- Your goal: From the material below, return exactly the lines starting at the one that holds "COLCHONERIA SAMMY PROFESIONALES" and ending at the one that holds "664762708 Abstract space". Pictures stay out of the answer.

___ Material for this exercise

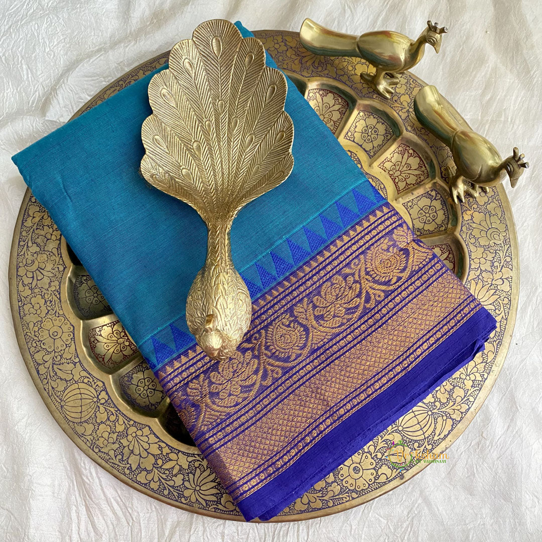 Double Shaded Turquoise Kanchi Cotton Saree with Golden Border -Handloom - Drape elegance - Introducing our Khadi Colour Kanchi Cotton Saree, a fusion of tradition and modernity. This exquisite saree features a subtle khadi color, symbolizing simplicity and elegance, accentuated by a radiant golden border. Suitable for both cultural celebration and casual outing.
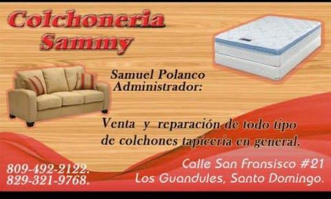 COLCHONERIA SAMMY PROFESIONALES A SU ALCANCE COLCHONERIA SAMMY (809)492-2122, (829)321-9768 VENTA Y REPARACIÓN DE TODO TIPO DE COLCHONES TAPICERÍA EN GENERAL,COLCHONERIA SAMMY CALLE SAN FRANCISCO #21 LOS GUANDULES SANTO DOMINGO COLCHONERIA SAMMY (809)492-2122, (829)321-9768 Compártelo: Compartir en X (Se abre en una ventana nueva) X Comparte en Facebook (Se abre en una ventana nueva) Facebook Me gusta Cargando...
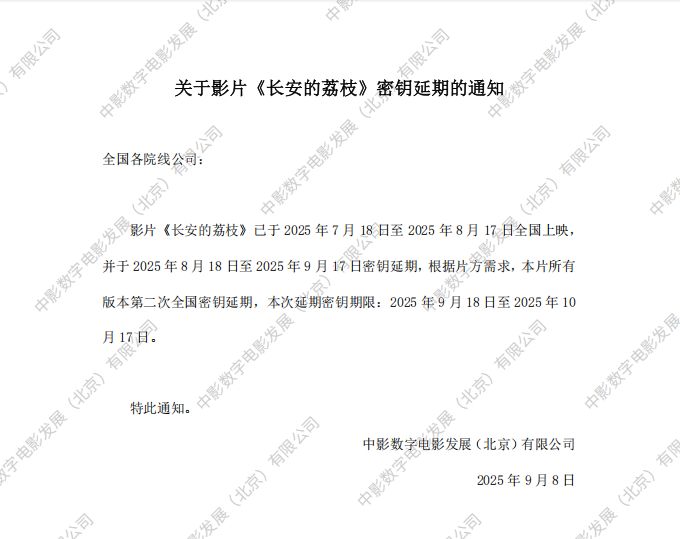 《长安的荔枝》密钥延期的通知
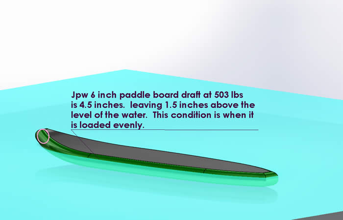 The draft of our ISUP can be computer modeled by making the whole thing solid, then changing the material to Water. Using Archimedes’ Principal, the water displaced by the flotation is equal to the weight on top of the unit. So we use the surface of the water as our point of displacement. If we erase everything above the surface, then we have the weight of the water under the surface that is displaced. Viola! The draft is calculated. Then we give a visual so you can actually see what it means. So at 503 lbs. the board will draft 4.5 inches, leaving 1.5 inches above the surface.
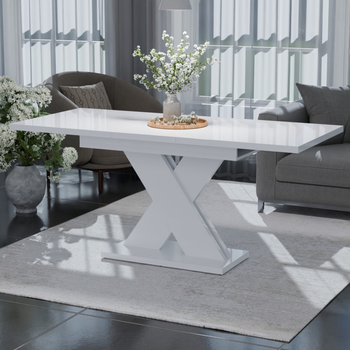 Обеденный раздвижной стол Неман ЛАМАР МДФ Белый глянец
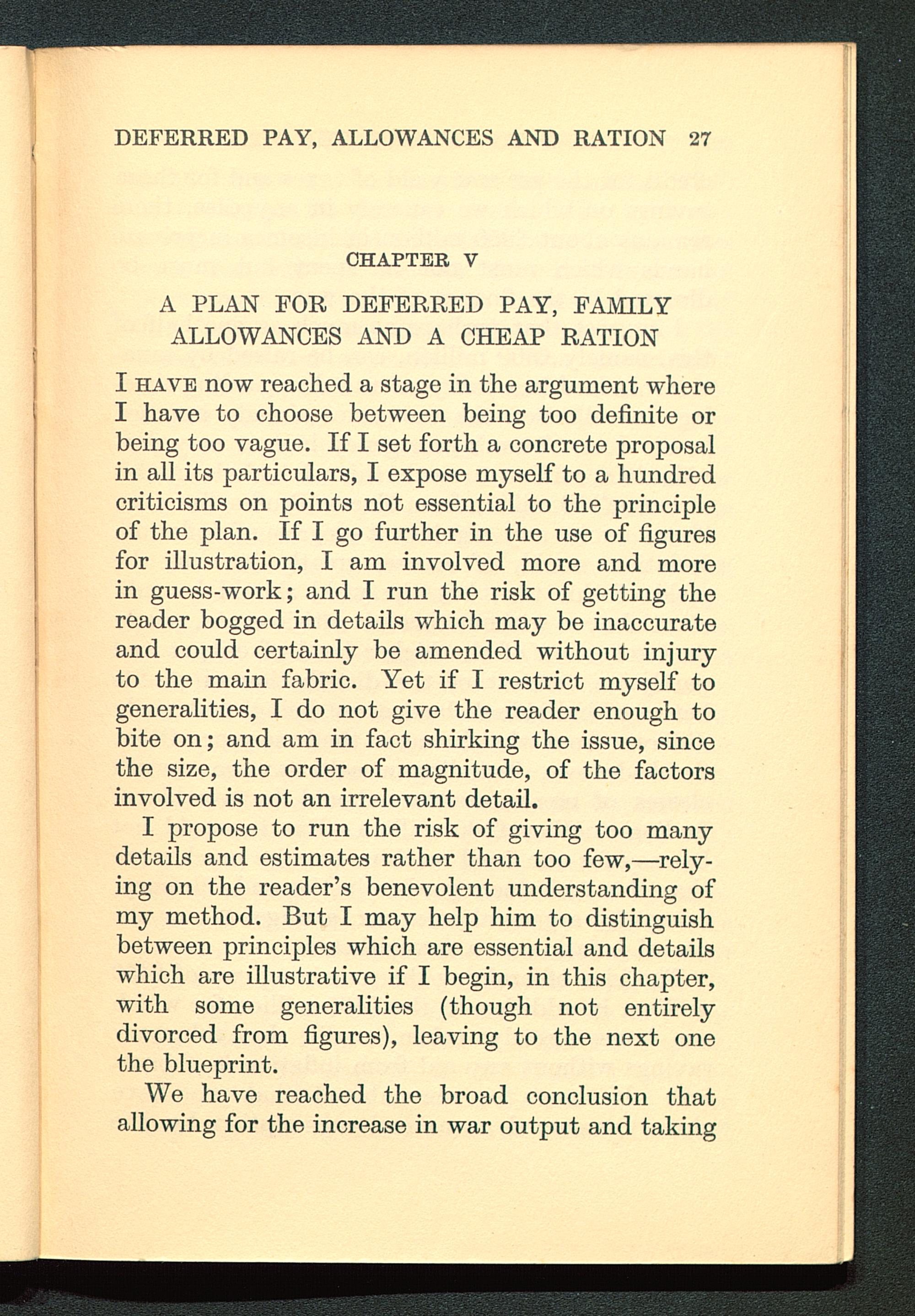 Chapter V. A Plan for Deferred Pay, Family Allowances and a Cheap Ration
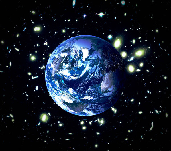 664762708 Abstract space background with earth. The elements of this image furnished by NASA
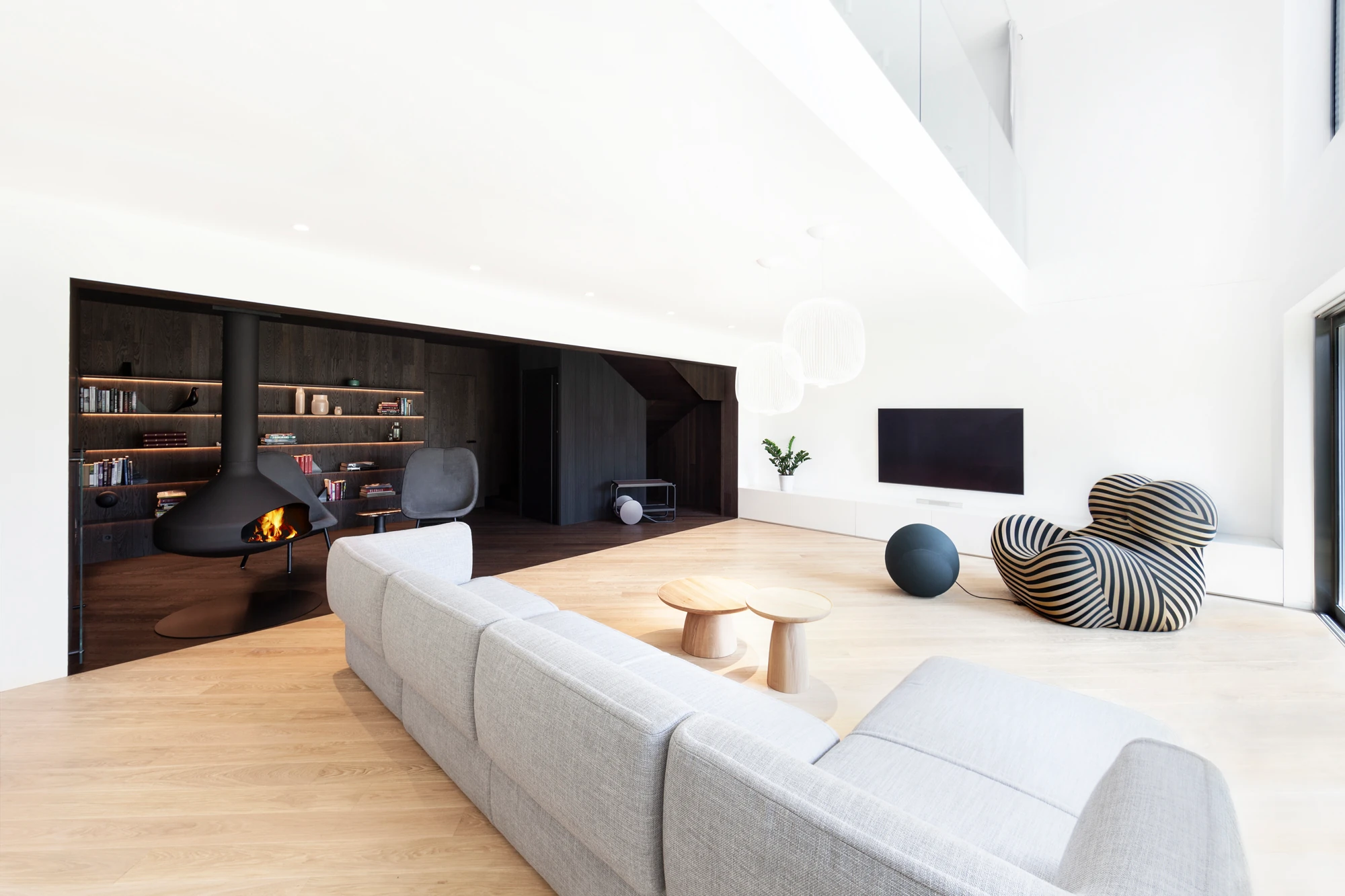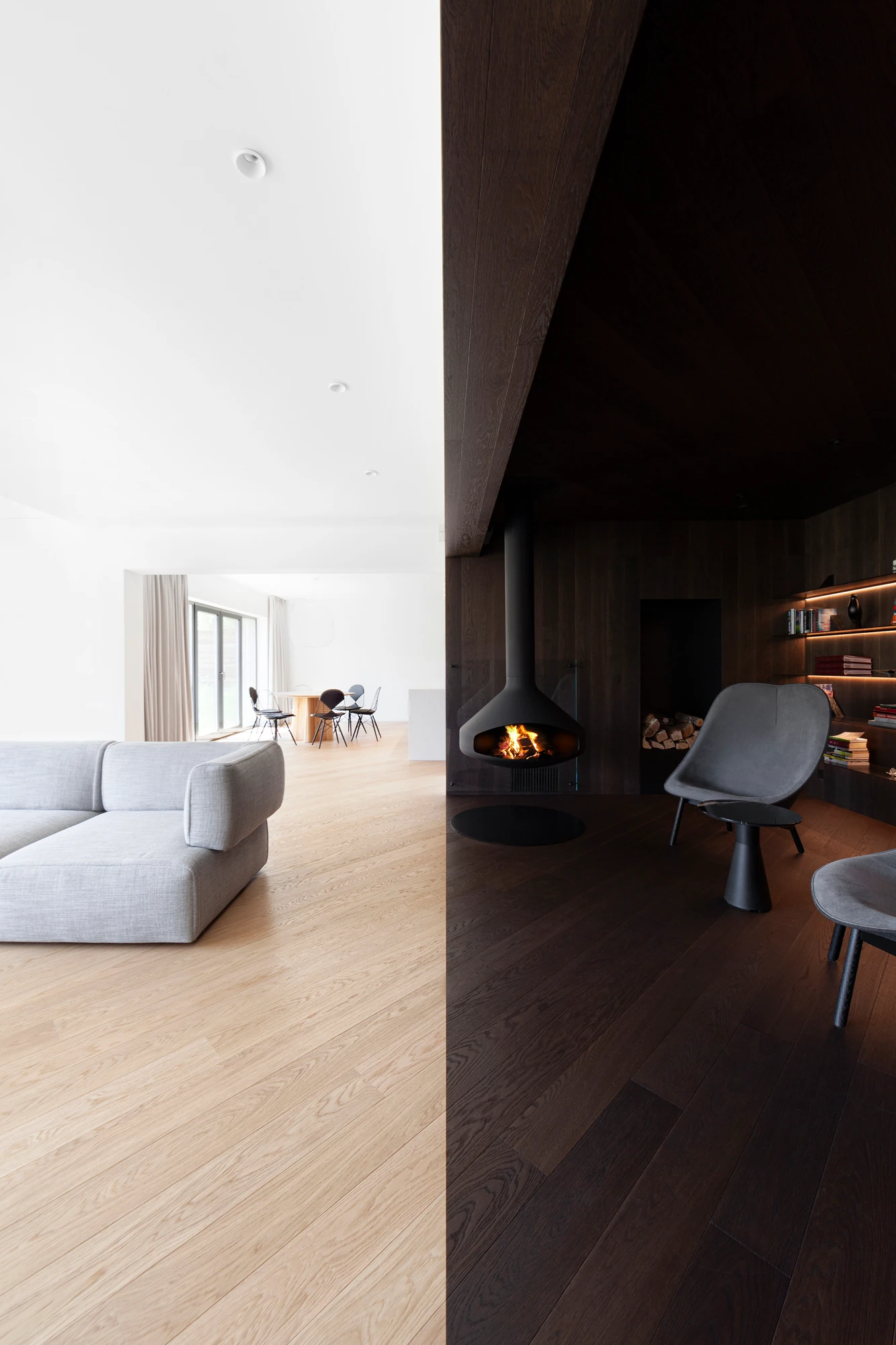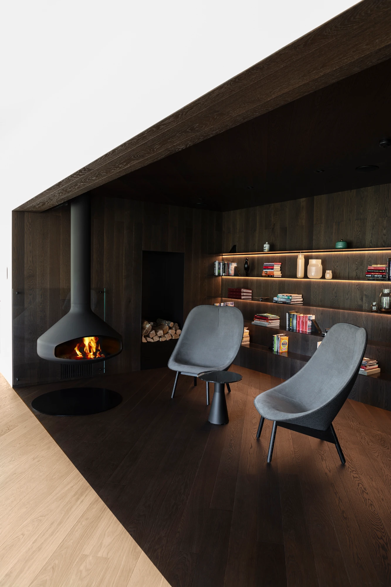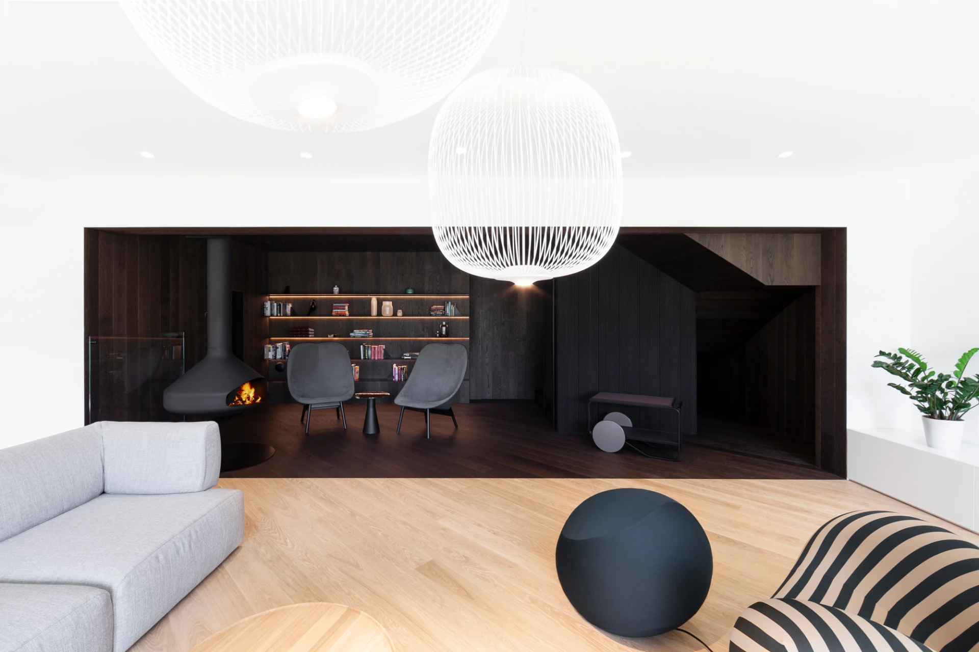 V prvním nadzemním podlaží, které je přístupné z ulice, se nachází garáž, uvítací hala a jedna ze dvou prostorných šaten. Do dalších prostorů domu vede schodiště v provedení tmavého odstínu dubové dýhy, a kromě něj jsou jednotlivá podlaží propojena také výtahem. V nejnižším podlaží, do kterého je otevřená galerie, se nachází velký centrální prostor sdružující obývací pokoj, kuchyni v černobílém provedení a jídelnu. Dominantou obývacího pokoje je ikonické křeslo UP od italské firmy B&B Italia. Ikonické křeslo a světlou pohovku pak doplňují konferenční a odkládací stolek HRIB, které designérské duo Vrtiška & Žák navrhlo pro slovenského výrobce Javorina. Obývací část pak plynule přechází v odpočinkovou zónu s posezením u krbu, výklenek, který je nejvýraznějším příkladem důmyslné práce s tonalitami dřeva – celý je vyvedený v tmavém provedení a s černými doplňky. Z tohoto patra, které je z pohledu od hlavního vstupu a komunikace již pod úrovní terénu, je pak také výstup na zahradu s venkovní kuchyní, posezením na terase a s vyhřívaným krytým bazénem s protiproudem.
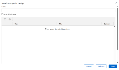 Click the Add icon. The Workflow steps dialog box for the submittal type opens.
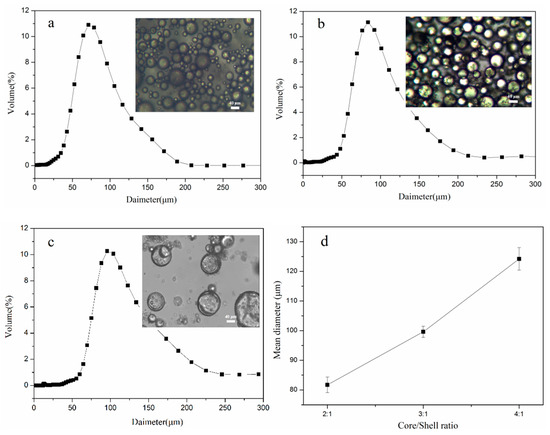 The size distributions and OM images of TO-loaded microcapsules with a core/shell ratio of (a) 2:1, (b) 3:1, and (c) 4:1, and (d) mean diameter of microcapsules with different core/shell mass ratios.
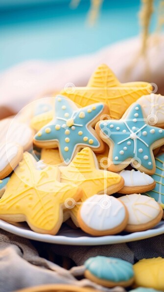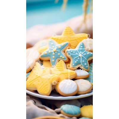 Υπάρχει δυνατότητα προσωποποίησης με δική σας φωτογραφία και προσαρμογής διαστάσεων κατόπιν παραγγελίας. Το συγεκεριμενο Puzzle 10x10 cm – 25 κομμ παρουσιαζει Η εικόνα δείχνει ένα πιάτο με μπισκότα στολισμένο με διακοσμητικά με θέμα τη θάλασσα, όπως αστερίες και κοχύλια. Διάφορα σχέδια μπισκότων, από απλά έως περίπλοκα, εμφανίζονται στο πιάτο. Μερικά μπισκότα στοιβάζονται ενώ άλλα τοποθετούνται κα
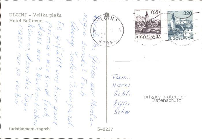 old postcard Ulcinj Velika plaza Hotel Bellevue postalisch gelaufen Erhaltung siehe scans
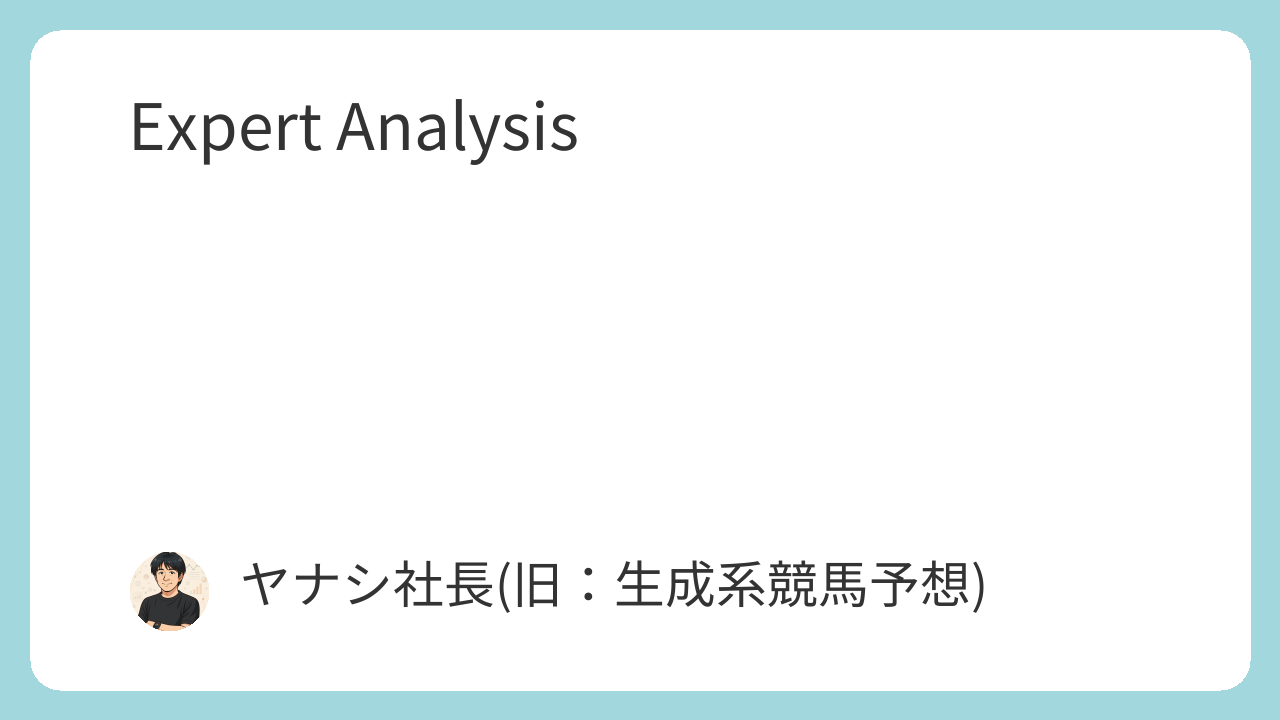 Possesses top-tier ability. His long stride is advantageous on Hanshin’s straight. Despite a slow start in his last race, he recovered to win, demonstrating strong race sense. Gate performance is a concern, but his potential is undeniable.
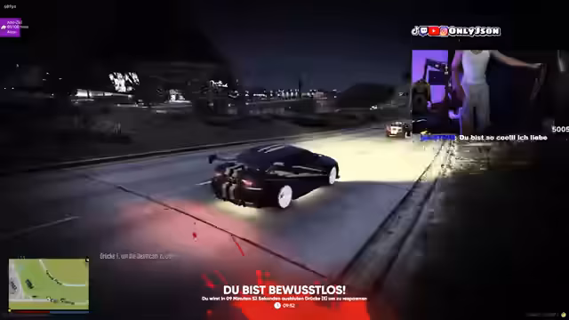 05:17:47Der Streamer und sein Team befinden sich in einer intensiven Verfolgungsjagd, bei der ihr Fahrzeug beschädigt wird. Trotz der Schwierigkeiten versuchen sie, den Gegner einzuholen, der bereits die Grenze erreicht hat. Die Anspannung ist hoch, da das eigene Auto kaum noch Motorleistung hat und die Cops möglicherweise eingreifen könnten. Die Situation spitzt sich zu, als sie den Gegner am Hafen fast erreichen, doch dieser entkommt erneut. Es wird über eine alternative Route spekuliert, da die ursprüngliche Markierung unklar ist. Trotz der Herausforderungen und eines beinahe Motorschadens gelingt es ihnen, das Rennen fortzusetzen. Nach dem Rennen wird die Leistung des Gegners anerkannt, und es wird über ein weiteres Rennen auf den Ölfeldern gesprochen, diesmal unter faireren Bedingungen und mit denselben Zielen für alle Teilnehmer.
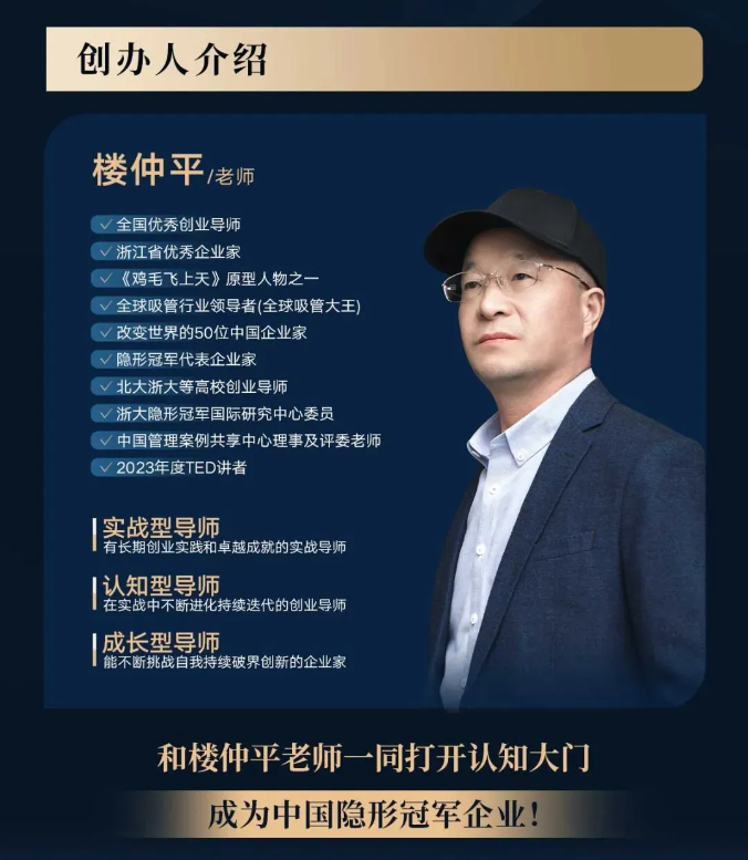 如果你是創(chuàng)業(yè)者、學(xué)習(xí)者、思想者,希望在經(jīng)營(yíng)領(lǐng)域有自己的思考和洞察,那么《隱形冠軍樓仲平思享薈》就是為你量身定制,今年最后一期招生,一班只招40位同學(xué),名額所剩不多,抓緊機(jī)會(huì)哦!

______

- Task answer:
 COLCHONERIA SAMMY PROFESIONALES A SU ALCANCE COLCHONERIA SAMMY (809)492-2122, (829)321-9768 VENTA Y REPARACIÓN DE TODO TIPO DE COLCHONES TAPICERÍA EN GENERAL,COLCHONERIA SAMMY CALLE SAN FRANCISCO #21 LOS GUANDULES SANTO DOMINGO COLCHONERIA SAMMY (809)492-2122, (829)321-9768 Compártelo: Compartir en X (Se abre en una ventana nueva) X Comparte en Facebook (Se abre en una ventana nueva) Facebook Me gusta Cargando...
 《长安的荔枝》密钥延期的通知
 The draft of our ISUP can be computer modeled by making the whole thing solid, then changing the material to Water. Using Archimedes’ Principal, the water displaced by the flotation is equal to the weight on top of the unit. So we use the surface of the water as our point of displacement. If we erase everything above the surface, then we have the weight of the water under the surface that is displaced. Viola! The draft is calculated. Then we give a visual so you can actually see what it means. So at 503 lbs. the board will draft 4.5 inches, leaving 1.5 inches above the surface.
 Обеденный раздвижной стол Неман ЛАМАР МДФ Белый глянец
 Chapter V. A Plan for Deferred Pay, Family Allowances and a Cheap Ration
 664762708 Abstract space background with earth. The elements of this image furnished by NASA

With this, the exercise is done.